## [TASK OBJECTIVE]
Repeat exactly the lines below, from the line containing "ライトカラーのフリース裏地厚" through the last line, both included. Leave out any pictures.

## [GIVEN INFORMATION]
____________________
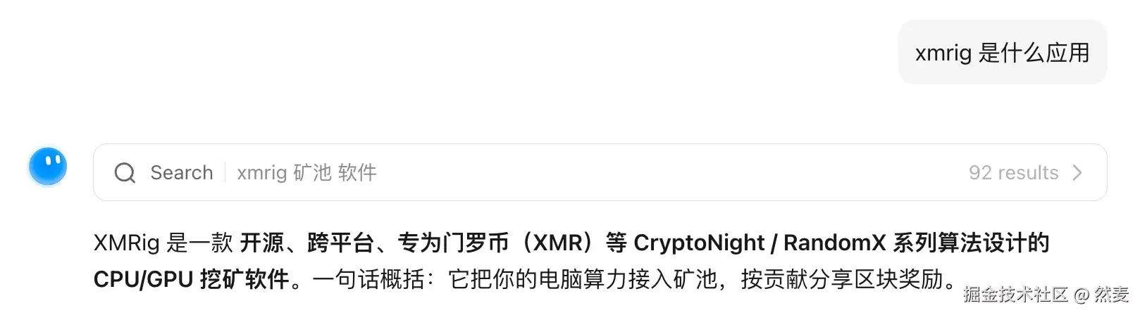 除了 hash进程 CPU 飙高以外,还有2 个进程 xmrig和 javs, 启动进程的用户是 1001,用 AI 查一下对应进程是什么
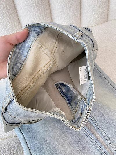 ライトカラーのフリース裏地厚手わずかにフレアなレディースジーンズ2025年冬の新作スタイルハイウエストスリミングヒップカバー伸縮性のある馬蹄形パンツ
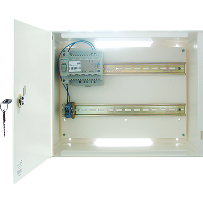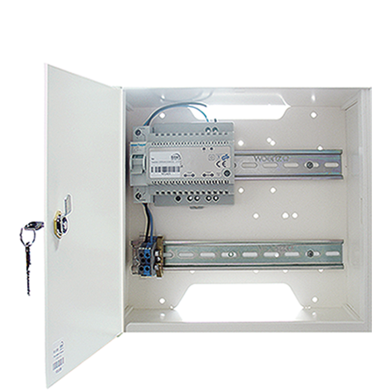 Gehäuse auf Putz mit Türe, Zylinder und DIN-Schienen, mit Netztrennschalter, Ein- / Ausgangsspannung: 100 - 240 Volt AC, 50 - 60 Hz / 12 oder 24 Volt DC ± 10% einstellbar,
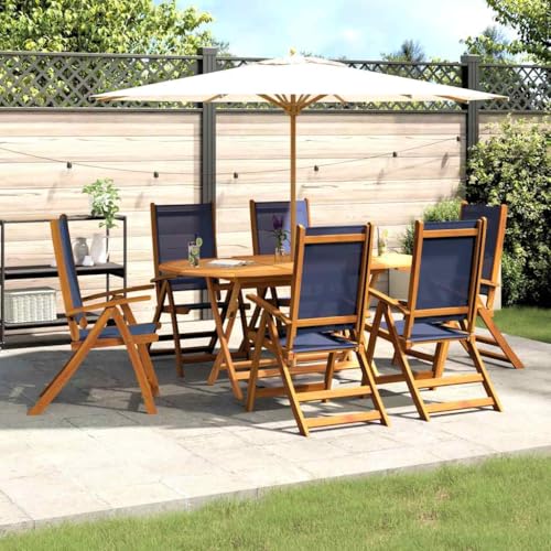 QUAHEAS 7-Piece Garden Dining Set Solid Acacia Wood Grey Painted Folding Patio Outdoor Furniture Set
____________________
## [YOUR SOLUTION]
 ライトカラーのフリース裏地厚手わずかにフレアなレディースジーンズ2025年冬の新作スタイルハイウエストスリミングヒップカバー伸縮性のある馬蹄形パンツ
 Gehäuse auf Putz mit Türe, Zylinder und DIN-Schienen, mit Netztrennschalter, Ein- / Ausgangsspannung: 100 - 240 Volt AC, 50 - 60 Hz / 12 oder 24 Volt DC ± 10% einstellbar,
 QUAHEAS 7-Piece Garden Dining Set Solid Acacia Wood Grey Painted Folding Patio Outdoor Furniture Set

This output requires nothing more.